Uber Just Doesn't Get It!

You know, when you're at an Uber meeting addressing sexual harassment and other misconduct it's probably in your best interest to NOT make sexist jokes! It seems David Bonderman hasn't figured that out. Just as Uber was announcing a host of changes, one more came Tuesday when the billionaire businessman resigned from Uber's board of directors. Earlier that same day, Bonderman had interrupted fellow board member Arianna Huffington at a companywide meeting to make a sexist joke. Huffington had commented that "there's a lot of data that shows when there's one woman on the board, it's much more likely that there will be a second." Bonderman, 74, then announced, "Actually, what it shows is that it's much more likely there'll be more talking." While a few laughed awkwardly, Huffington responded, "Oh, come on, David!" Bonderman, a partner at private equity firm TPG, later apologized, noting the comment was "careless, inappropriate, and inexcusable" and had a "destructive effect." A few hours later, he announced his resignation saying, "I need to hold myself to the same standards that we're asking Uber to adopt." Huffington agreed the comment was "totally inappropriate and against the new culture we are building at Uber," but accepted Bonderman's apology. (Los Angeles Times)
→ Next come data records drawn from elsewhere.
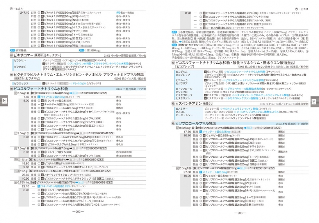 新しい制度にあわせ,一般名処方加算の対象となる製品群に,厚生労働省が公表した「一般名の標準的な記載」および「一般名コード」を表示,さらに処方せんの「種類」の計算に算定できる「最低薬価」に対し,分かりやすく印をつけました。同様に厚生労働省が示した先発品情報や後発除外品目(薬価算定の結果,先発品より高額・同額のため,診療報酬上の後発品とはみなさないとされた品目)の情報に加え,改定により範囲が広がった,同一視される剤形の整理にも対応できるよう表記を工夫しました。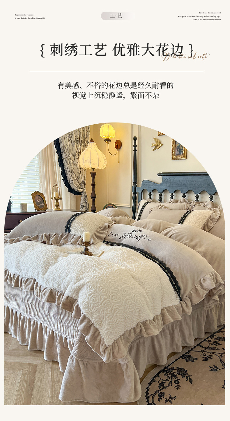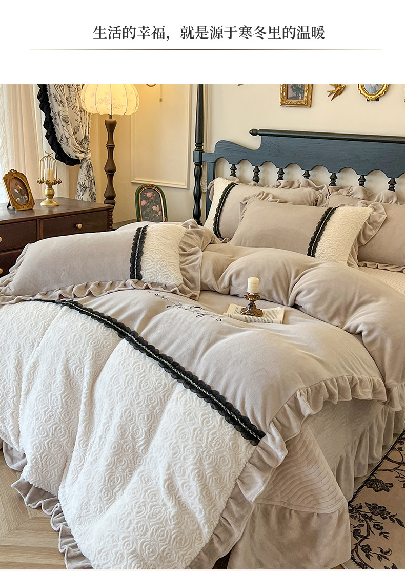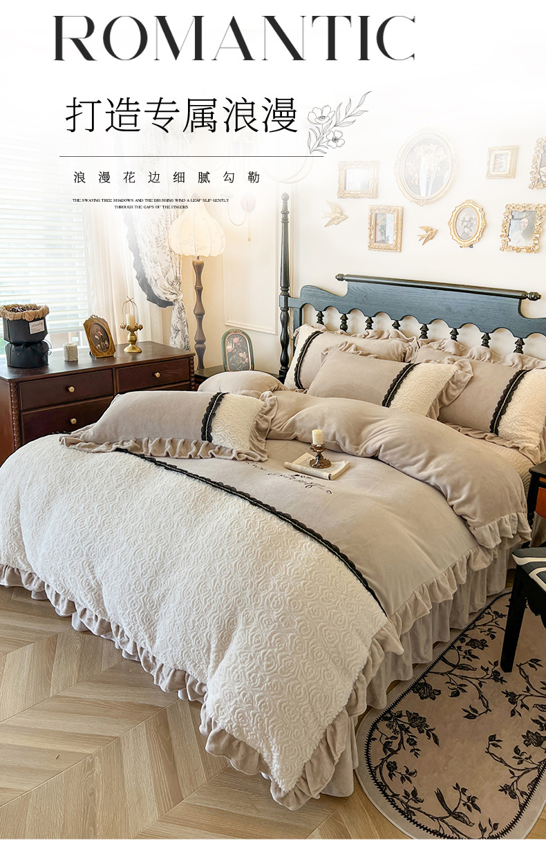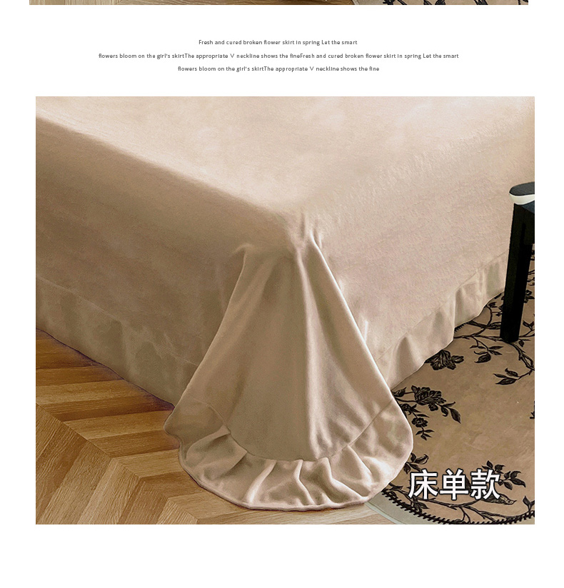 商品名称:乐朵家居 2024新款 欧若拉 牛奶绒床单款床盖款四件套(控价单278夹棉318)-卡其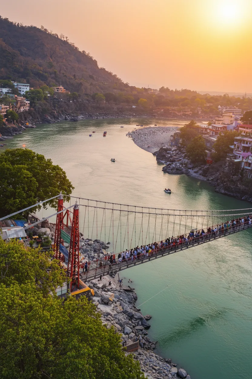 • 🕖 07:00 AM – Walk across 🌉 Laxman Jhula 🚶

How To Trick Your Kids to Eat More Veggies!

Want to get your kids and even yourself to eat more veggies? It could be as easy as coming up with a cool name for the dish. According to psychology researchers at Stanford, people are more likely to chow down on vegetables if they have an "indulgent" name, like "sizzlin' beans" as opposed to plain old "beans." Diners are "motivated by taste," but labels affect "how tasty and filling we think food will be," says study author Bradley Turnwald. Researchers spent 45 days serving up veggies in a university cafeteria. Some dishes got a basic label like "carrots." Others got a label like "twisted citrus-glazed carrots" - but they were the exact same dishes. Those with the fancier and more engaging names were by far the best sellers, with 25% more people choosing them than veggies with a basic label. (BBC)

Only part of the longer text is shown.